In this respect, the term "data warehousing" is a misnomer. The analytics applications that integrated systems are designed for transcend just sticking data in a storehouse. They demand that the data be actively worked--analyzed many times over by pattern-matching algorithms or queried by automated searches. This is the promise of Greenplum, Netezza, and Teradata, not just Exadata. It's also the promise of SAP's HANA technology, which speeds analysis by storing data in memory. SAP says it will deliver a full data warehouse product based on HANA by year's end.

Plug And Play? No Way

Integrated database systems typically require many hours of configuration. "Our target is three days to get up and running," says EMC's Lonergan. IBM's target for its Netezza appliance is 48 hours. Oracle offers similar estimates--one day to set up the Exadata hardware and another day or two to get its software running. However, we've talked with customers that took weeks to tune and tweak the database for peak performance.

Even three days may seem like an eternity to IT teams accustomed to the instant gratification of other classes of appliance, but it's a vast improvement compared with the process of building out conventional database deployments from scratch, a process that can easily take weeks or months.

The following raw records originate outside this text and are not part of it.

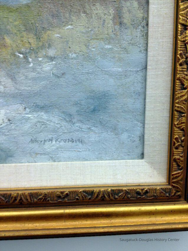 Notes: The finish on this painting is almost like plaster. There are no brush strokes, but rather, the finish is "built up" with layers of paint or gesso. This gives the artist the ability to "scratch" into the finish and to "wash out" the colors. In this case the technique is used to create the illusion of grey Winter air. Krehbiel, one of Chicago's best-known artists, spent many winters in Saugatuck.
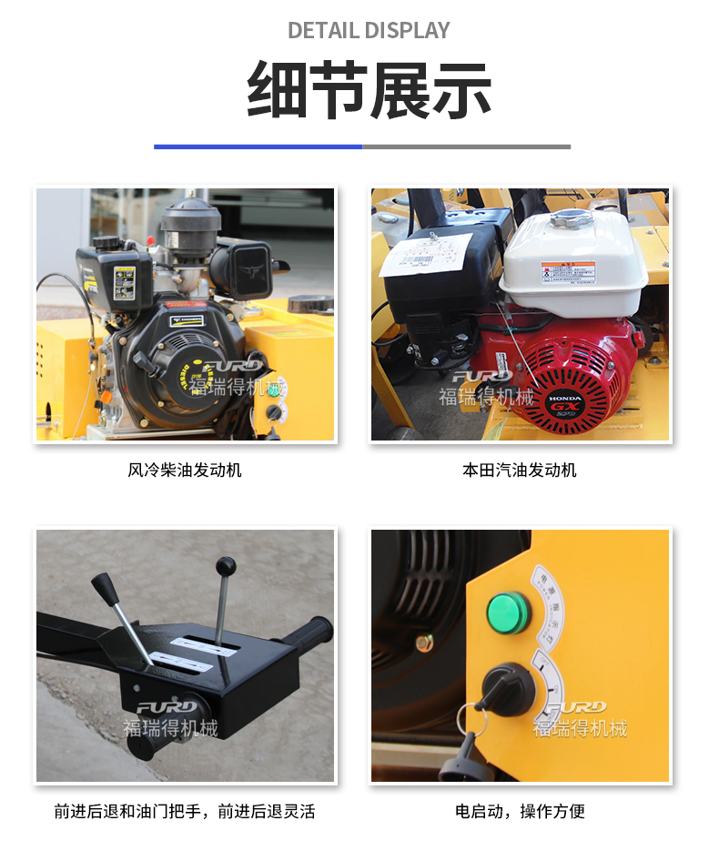 主要用于溝渠基礎(chǔ),道路,體育場(chǎng)地的壓實(shí)整平, 也可用于壓實(shí)瀝青表面的作業(yè)。
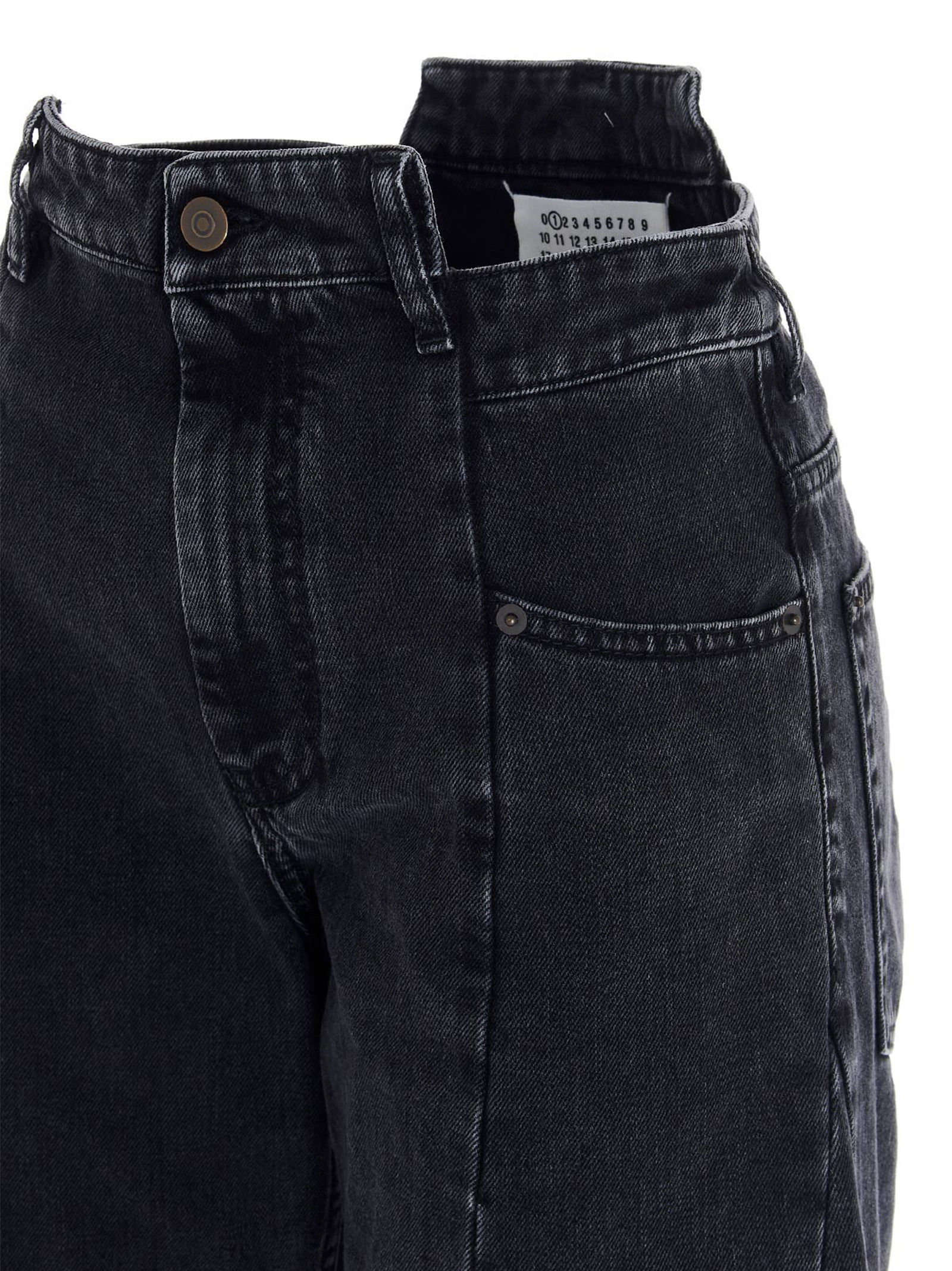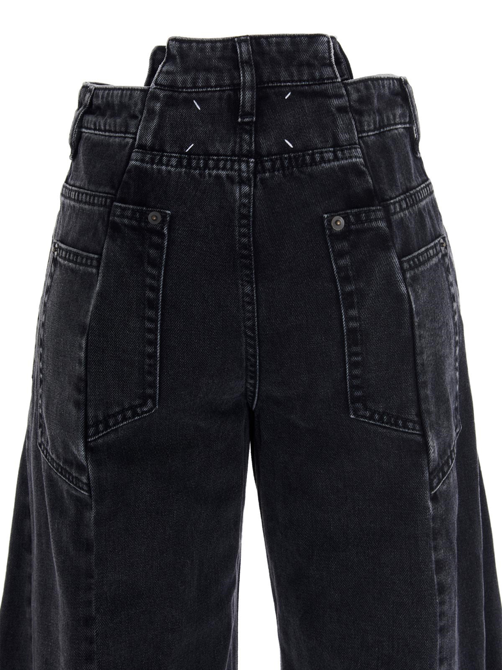 Cotton denim jeans with asymmetric waist and seams, Front and back darts, Wide leg, Zipper and button closure, Pockets.

Physically, database appliances also aren't the simple devices that the name implies. Most VPN or WAN optimization appliances are self-contained boxes that occupy at most a few rack units and perhaps give IT the option of upgrading a switch port or hard drive. In contrast, data warehouse "appliances" may comprise 100 or more separate boxes occupying 10 racks and strung together using high-speed Ethernet or InfiniBand. Most start at a minimum size of one-quarter rack, generally including servers configured either for computing or as storage nodes (at least one of each) and a switch to link them. For example, the Oracle Exadata X2-2 quarter-rack system uses four storage servers and two compute servers to create a system with 96 TB of raw disk capacity and 48 CPU cores.

This is a far cry from one main benefit of pervasive virtualization--namely, consolidating servers and using less physical space in the data center.

The great compensating benefit of this design, however, is scalability: IT can start with a quarter-rack system and plug in new storage or server nodes--or entire racks--as necessary. Again, being able to add on in such a piecemeal fashion is a deviation from what we usually think of as an appliance, but the intention is that each upgrade will be at least as easy as the initial installation. Because of that, some integrated system vendors argue about whether their products should even be called appliances. Phil Francisco, VP of product management at IBM Netezza, says the term is apt. Oracle's Shetler says the company doesn't call Exadata an appliance "because that suggests something that's relatively small or that requires minimal administrative support."

chart: How will the offer of highly integrated software and hardware systems affect your future purchase plans?

Architecture Choices

Whatever they call their products, integrated database vendors can be divided into two categories: those that base their systems on standard x86 hardware and those that make extra tweaks. Teradata and EMC use the same hardware as general purpose computing platforms, while Netezza adds a bit of proprietary wizardry.

IBM Netezza's key innovation is to implement SQL in hardware using custom chips to speed queries. In addition, MPP schemes spread workloads across multiple blades; for example, segments of a SQL query can be processed simultaneously for maximum performance. The whole system is orchestrated by host servers that split processes across blades and manage onboard storage.

In contrast, Oracle's Exadata appliance uses no custom chips and departs from the approach used by most of its competitors in three ways: It runs Oracle 11g database code on storage servers, it adds flash caches that speed data access, and it implements proprietary compression throughout the system. By having Oracle database code on the storage servers, those servers know exactly what to access, cutting the amount of data that needs to be sent over the internal Exadata network and then analyzed. So, instead of scanning the entire database, a query for, say, customers with more than $1 million in purchases can be executed against only the specific tables and blocks of data that are relevant, saving time and speeding useful results.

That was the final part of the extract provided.